The one surprise appearance at the screening, at least for those who had seen Reza’s play on stage (none of the actors from the Broadway run showed up) was a new translation of the French original text. In Christopher Hampton’s translation, the two couples drank 15-year-old Coeur de Chauffe rum, which has been changed to Bruichladdich 18-year single-malt scotch in the screenplay credited to Reza and Polanski (translated into English by Michael Katims). Also the much-talked-about “clafoutis” is now a “crumble,” and the pivotal “puking” in the play is now referred to as “tossing your cookies.” (Similarly, the two women characters’ names have been changed from Veronica and Annette to Nancy and Penelope.)

Asked the next day about these changes, Reza says: “Roman is obsessed by details ... he is a genius of the details.” Because of this, she trusted Polanski: “Not a single camera shot is the same, you don’t feel you are just in a room.”

This writer has been reluctant to allow her plays -- including “Art,” which grossed more $300 million and was produced in over 30 countries -- to be adapted for the movies.

“It’s very dangerous, you put a play in someone’s hands,” Reza explains, “and the play might be dead because everybody goes and sees the movie and it could be very difficult to put it on stage after. So, I was waiting for a great filmmaker to ask me and luckily it was Roman.”

Asked if she’s happy with the results, the playwright said yes -- but added that she has no further plans to write for films. “This is not my job,” she laughs, then elaborates on the difference between screenplays and films: “In plays you can go much further, you can go more demented.”

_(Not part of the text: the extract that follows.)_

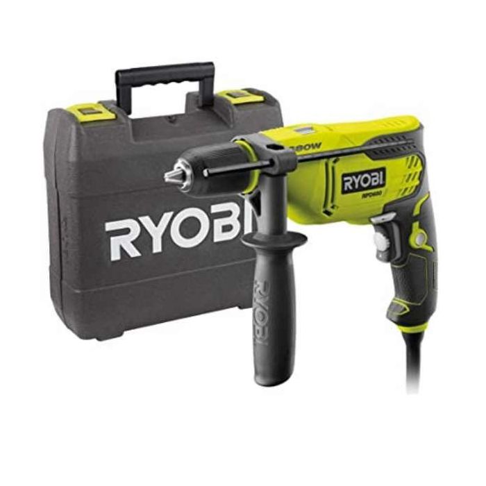 Ryobi RPD680-K Udarna bušilica: 680 W Brzostezna glava: 10 mm Bušenje u drvu 32 mm, u željezu 13 mm, u zidu 16 mm Masa: 3,76 kg Dodatna ručka Graničnik dubine Kofer

Theater review: ‘God of Carnage’ at the Ahmanson Theatre

Actors talk about the rhythms of ‘God of Carnage’

--James C. Taylor

[For the record, Oct. 3, 11 a.m.: Reza’s ‘A Spanish Play’ was adapted by the playwright into a film entitled ‘Chicas’ that she directed in 2010. A previous version of this post stated that ‘God of Carnage’ was the first play that she had allowed to be adapted as a movie.]